In what amounts to a fight for its very existence in one of its most crucial markets, TikTok is gearing up for a high-stakes showdown in the courts.

The alarm bells were sounded within TikTok’s ranks as Michael Beckerman, the company’s head of public policy for the Americas, issued a rallying cry to its US staff.

In a memo obtained by Bloomberg News, Beckerman characterized the proposed legislation as an “unprecedented deal” brokered between Republican Speaker and President Biden, signaling TikTok’s readiness to challenge it legally once signed into law.

“This is an unprecedented deal worked out between the Republican Speaker and President Biden,” Beckerman stated in the memo. “At the stage that the bill is signed, we will move to the courts for a legal challenge.”

The urgency of TikTok’s response stems from recent developments in the US Congress, where lawmakers have fast-tracked legislation mandating ByteDance’s divestment from TikTok.

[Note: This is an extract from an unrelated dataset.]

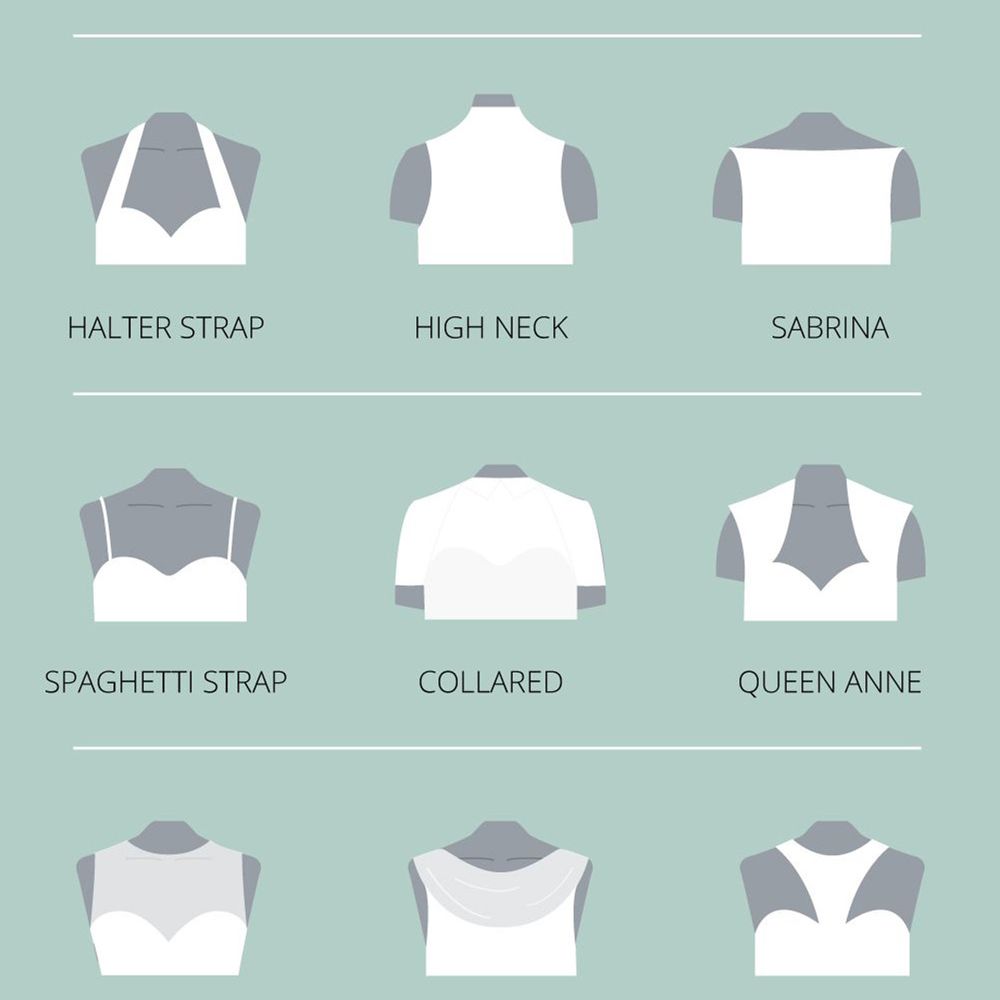 guide to all the different styles of wedding dress necklines, including sweetheart, halter, etc

The bill, intricately linked to a vital aid package for Ukraine and Israel, has garnered significant bipartisan support and is expected to swiftly pass through the Senate before landing on President Biden’s desk.

Beckerman minced no words in his critique of the proposed legislation, labeling it a “clear violation” of TikTok users’ First Amendment rights and warning of “devastating consequences” for the millions of small businesses that rely on the platform for their livelihoods.

TikTok’s defiant stance reflects the gravity of the situation facing the tech giant, which has spent years grappling with concerns from US officials regarding potential national security risks associated with its Chinese ownership.

Despite extensive lobbying efforts led by TikTok CEO Shou Chew to allay these fears, the company now finds itself at a critical juncture, where legal action appears to be its last line of defense.

ByteDance, TikTok’s Beijing-based parent company, has also signaled its intent to challenge any US ban in court, signaling a united front in the face of mounting pressure.

However, navigating the legal landscape will not be without its challenges, as ByteDance must contend with both US legislative measures and potential obstacles posed by the Chinese government, which has reiterated its opposition to a forced sale of TikTok.

As TikTok prepares to embark on what promises to be a protracted legal battle, the outcome remains uncertain.

For the millions of users and businesses that call TikTok home, the stakes have never been higher, as the platform fights to preserve its presence in the fiercely competitive landscape of social media.